姚不闻连忙探头过来,脖子有着不符合他年岁的灵活,看完皱眉道:“这符箓自外看来是个黑色的帷帐,可这整个霁淩峰都被禁制掩在了障眼法之中,哪怕你灵力充沛,也最多能遍及整个霁淩峰,出不了这迷阵的范——住手!你是要把庄才他们引过来吗!”

只见姚垣慕二指夹符,周身平地生风,衣袍碎发都跟着飘了起来,嘴唇打着抖,浑身灵力磅礴汹涌地往指头灌,那二指一时吃不住这灵力,竟变得青紫,里头的骨头也发出了断声,姚垣慕倒吸一口凉气,颤抖道:“杨道友跟我、跟我说……若能以阖天盖了这整座临渊宗,他便收我做小弟……”

姚垣慕茫然道:“啊?”

“我那日不知好歹,今时今日也不知这约定还算不算数。
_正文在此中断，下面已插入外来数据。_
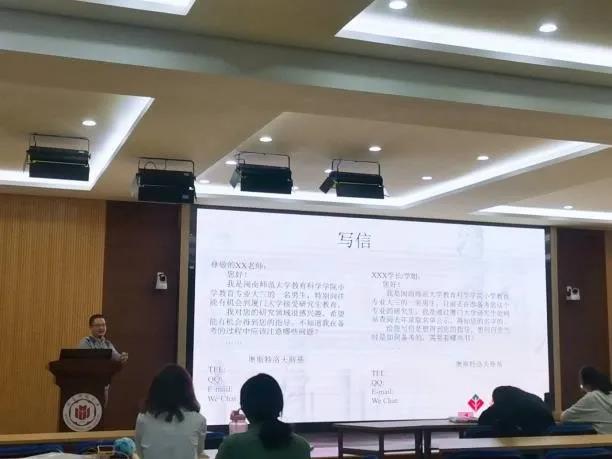 12月13日下午,教科院组织2018级同学在梯教一举办考研专题讲座,主讲人邹老师重点阐述了考研流程与考研分区、院校专业的选择、自主划线单位、统考专业、专业硕士与学术硕士的区别、全日制与非全日制的差异等问题,指导同学们掌握正确的备考方法,进一步加深对考研的认识和了解。
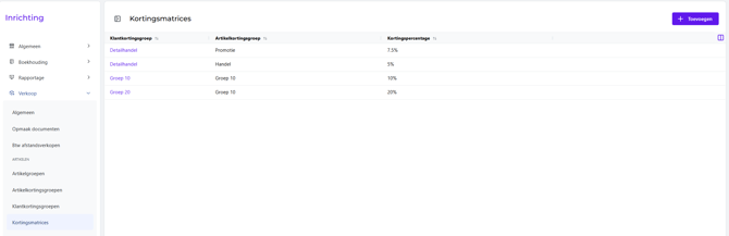 De kortingsmatrix vormt daarmee het centrale punt waar commerciële kortingsafspraken worden vastgelegd en beheerd.

”

网中男子像是察觉到了什么,操控着那些走肉越发狂暴地破开那鸟笼。

“开!”

姚垣慕暴喝一声,额角爬满了青筋,浑身憋成了酱紫色,紧接着风云骤变,只见天上纵生一个漆黑的穹顶,如入水的黑墨一样迅速向周围扩散,眨眼间便吞没了霁凌峰,而后半分不停,汹涌似海啸般朝着远处奔腾而去!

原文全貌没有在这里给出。